Neurogene Advances AAV9 Gene Therapy NGN-401 for Rett Syndrome With Registrational Trial Progress

NEW YORK, Jan. 12, 2026 (BUSINESS WIRE) — Neurogene Inc. (Nasdaq: NGNE), a clinical-stage biotechnology company focused on genetic medicines for rare neurological disorders, reported significant progress in the development of NGN-401, an AAV9-based gene therapy for the treatment of Rett syndrome, alongside multiple anticipated milestones expected in 2026.

During the fourth quarter of 2025, Neurogene dosed multiple participants in the Embolden™ registrational trial evaluating NGN-401, an adeno-associated virus (AAV) gene therapy, marking a key step toward completion of enrollment.
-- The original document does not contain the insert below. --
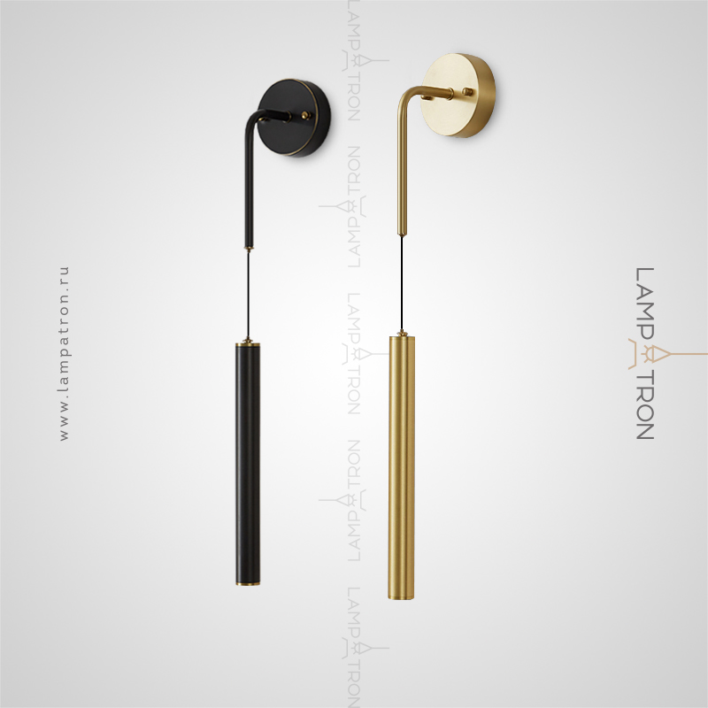 A series of wall LED lamps with rotary ceiling of an elongated cylindrical shape on suspensions with a round mount

The company expects to complete dosing in the registrational trial in the second quarter of 2026 across 13 active U.S. clinical sites.
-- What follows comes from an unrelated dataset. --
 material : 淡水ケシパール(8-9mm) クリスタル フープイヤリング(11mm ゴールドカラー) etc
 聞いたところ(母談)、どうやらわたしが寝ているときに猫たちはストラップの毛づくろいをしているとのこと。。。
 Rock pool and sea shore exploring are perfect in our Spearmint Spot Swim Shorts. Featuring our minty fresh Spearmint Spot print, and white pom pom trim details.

NGN-401 is an investigational AAV9 gene therapy designed as a one-time treatment for Rett syndrome. The therapy uses an AAV9 vector to deliver the full-length human MECP2 gene, regulated by Neurogene’s proprietary EXACT™ transgene control technology. This AAV-based gene therapy approach is intended to achieve therapeutic MECP2 expression while avoiding overexpression-related toxicity, a critical challenge in Rett syndrome treatment.

Neurogene continues to monitor participants enrolled in its ongoing Phase 1/2 trial of AAV gene therapy NGN-401, with plans to present updated interim safety and efficacy data in mid-2026. The planned data presentation will include pediatric patients (ages 4–10) and adolescent/adult patients (ages ≥11), with at least 12 months of follow-up for all participants. Previously reported interim results demonstrated durable, multidomain clinical improvements across a broad spectrum of disease severity following AAV9 gene therapy administration.

In parallel with clinical advancement, Neurogene has initiated early commercial-readiness activities for its AAV gene therapy program, including payer engagement and internal chemistry, manufacturing, and controls (CMC) efforts to support commercial-scale AAV manufacturing. The company expects its current cash runway to extend into the first quarter of 2028, supporting continued advancement toward a planned Biologics License Application (BLA) submission.

NGN-401 has received multiple regulatory designations recognizing its potential as a differentiated AAV gene therapy, including FDA START Pilot Program selection, Regenerative Medicine Advanced Therapy (RMAT) designation, Orphan Drug designation, Fast Track designation, and Rare Pediatric Disease designation. Internationally, the AAV gene therapy has also been granted PRIME, orphan, and Advanced Therapy Medicinal Product (ATMP) designations by the European Medicines Agency, as well as ILAP designation from the UK MHRA.